We ourselves create this technology for our dear and beloved
The human brain is the most complex object in the known universe

Thinking is the most amazing phenomenon of all that we observe in the world around us.

We have yet to be able to recreate it in any way. That is, to create AI (artificial intelligence).

But this task is the most important in the history of science.

Human digital immortality

Which is simpler - he recorded his consciousness on a removable disk or in general - in a laser beam - sent it to other worlds or transferred it to another medium. What is a body? Decay. What is mind? Infinity.

The issue of transferring the mind and creating to digital media has been haunting minds, perhaps, since the invention of the first calculators.

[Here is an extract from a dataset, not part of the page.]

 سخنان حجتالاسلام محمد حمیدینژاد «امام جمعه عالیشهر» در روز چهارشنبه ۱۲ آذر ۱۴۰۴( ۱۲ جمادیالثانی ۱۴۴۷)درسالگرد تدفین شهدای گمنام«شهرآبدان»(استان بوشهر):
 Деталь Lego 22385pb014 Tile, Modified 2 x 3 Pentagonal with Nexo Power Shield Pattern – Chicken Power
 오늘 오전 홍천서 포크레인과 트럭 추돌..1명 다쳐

The pioneer of the very concept of "digital immortality" in science fiction can be considered Stanislav Lem with his collection of philosophical essays "Dialogues", where in the sixth chapter, in the course of reasoning, he comes to the idea of a possible loading of human consciousness on a "brain prosthesis".

Excursion to the present: British futurist Ian Pearson, predicting the prospects for the digitalization of consciousness, said that even today the Playstation gaming system is capable of operating at the level of 1% of the capabilities of the human brain. And there are growth prospects. By the way, Pearson today is the most famous futurist with 85% of his forecasts hitting the bull's-eye. Ask, I recommend. The topic of digitization of the mind and the prospect of eternal life on electronic media received a new surge with the start of such a genre as LitRPG - with the help of a special capsule, the player's consciousness is immersed in the virtual world. And the first question that excites this consciousness is, should I not stay here forever?

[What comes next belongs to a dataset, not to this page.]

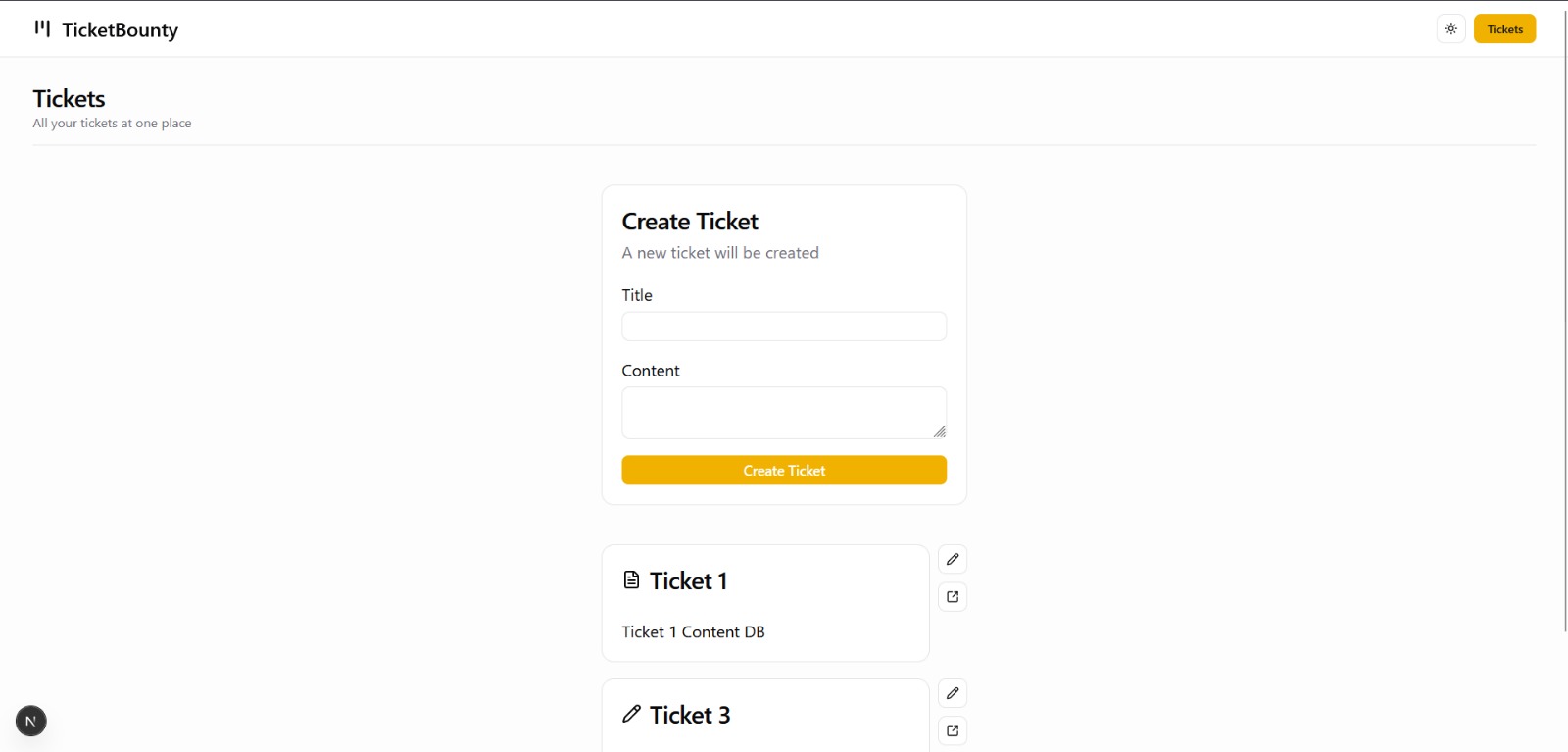 صفحة عرض التذاكر (Tickets List).
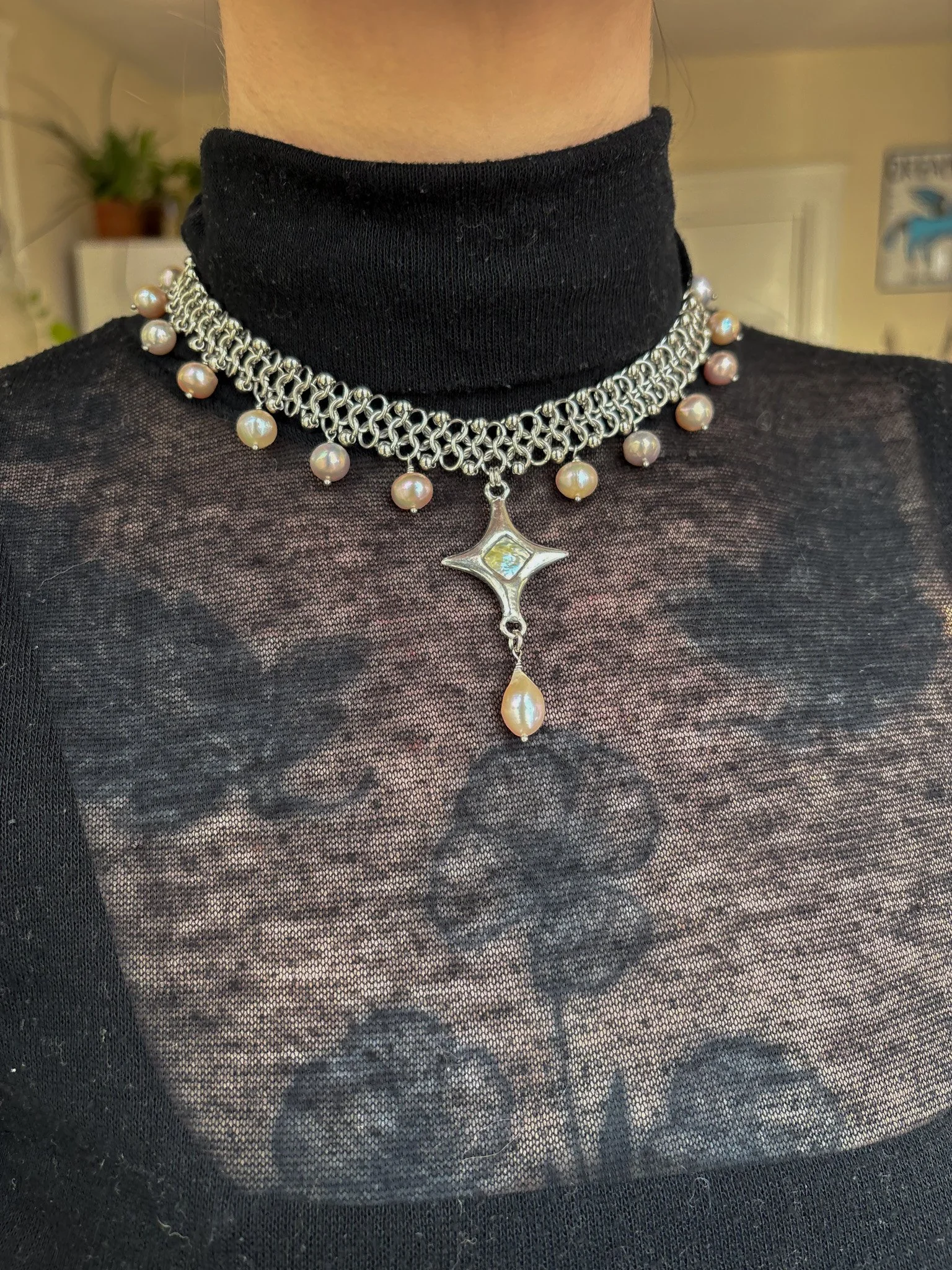 Necklace made with old stock freshwater pearls. Soft soldered recycled pearl pendant (silver, tin, copper alloy). Stainless steel body and findings. Size 12-14” shown on 12.25” neck. Adjust size in notes at checkout!

Stanislav Lem - "The Star Diaries of Iyon Tikhokho", the story "The Fourteenth Journey". Richard Morgan - "Altered Carbon" - about the series based on this novel and other films on the theme of immortality, a review will soon be released on the "Kinoshnik" channel - come in, it will be interesting. Sergey Lukyanenko - "Line of Dreams" - the novel in 1996 was recognized as the best work of heroic and adventure fiction at the Sword of Rumata award

V. Vernadsky about death: “Undoubtedly, the hardest, most painful, most tragic thing in our life is the impossibility of our mind and feelings to come to terms with personal destruction, with the absence of personal immortality,” he wrote to his wife in 1889. And he added that religious customs often reflect a person's desire to overcome the longing caused by a premonition of the inevitability of parting with being. In his diary, he noted earlier: "I agree that, perhaps, there are certain pleasures delivered by faith, and a person who sincerely believes and has hope in the afterlife has some pleasure that I cannot have."

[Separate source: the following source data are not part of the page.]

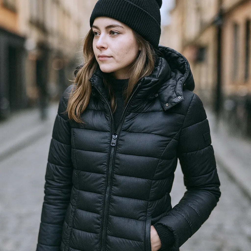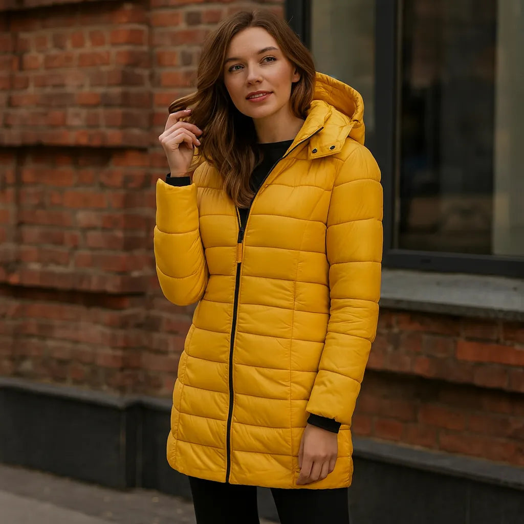 Die CYC Winter Warm Puffer Jacket wurde für maximale Wärme und Komfort entwickelt und kombiniert ein leichtes Tragegefühl mit hoher Wärmeisolierung. Ihre schlanke, schmeichelhafte Silhouette und die verstellbare Kapuze machen sie perfekt für kaltes Wetter, ohne dass sie auf Stil verzichten muss.
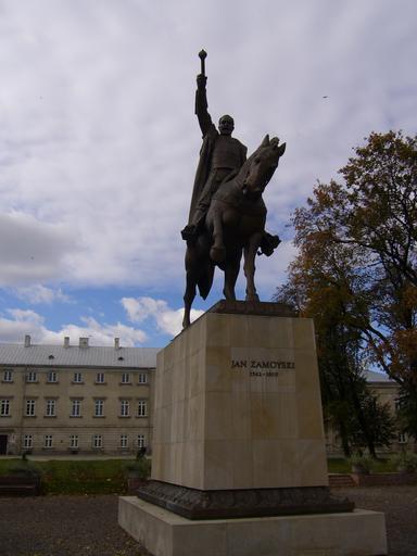 Keywords: Zamoyski Statue.jpg A statue of Jan Zamoyski in Zamość own 2007-10 Aszumila Zamoyski family Renaissance architecture in Poland Jan Zamoyski Monument in Zamość Equestrian statues with 3 legs on ground
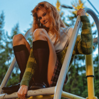 a young woman sitting on what appears to be a yellow swing or playground equipment. She has her legs crossed and seems to be in
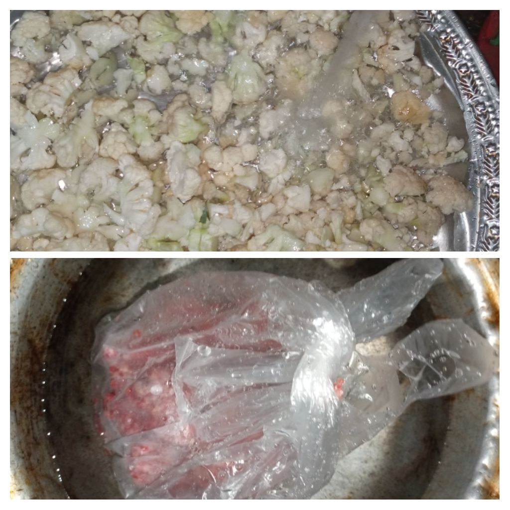 First I take the chaowhardess and cut it.then I take minced meat from friged.the I wash the chaowhardess and minced meat.

In the human brain (including the spinal cord and the entire nervous system) there are 86 billion neurons, forming about 100 trillion neural connections - and the structure they form is unique in each case. If scientists learn how to build computer models that reproduce these connections in great detail, they can be transferred from a deteriorating organism to a new medium. About how scientists are trying to make a person immortal by taking a digital copy from the brain, Phil Jackle, a cognitive neuroscientist from Norway, spoke in the Aeon magazine.

Will computer models of the brain make us immortal?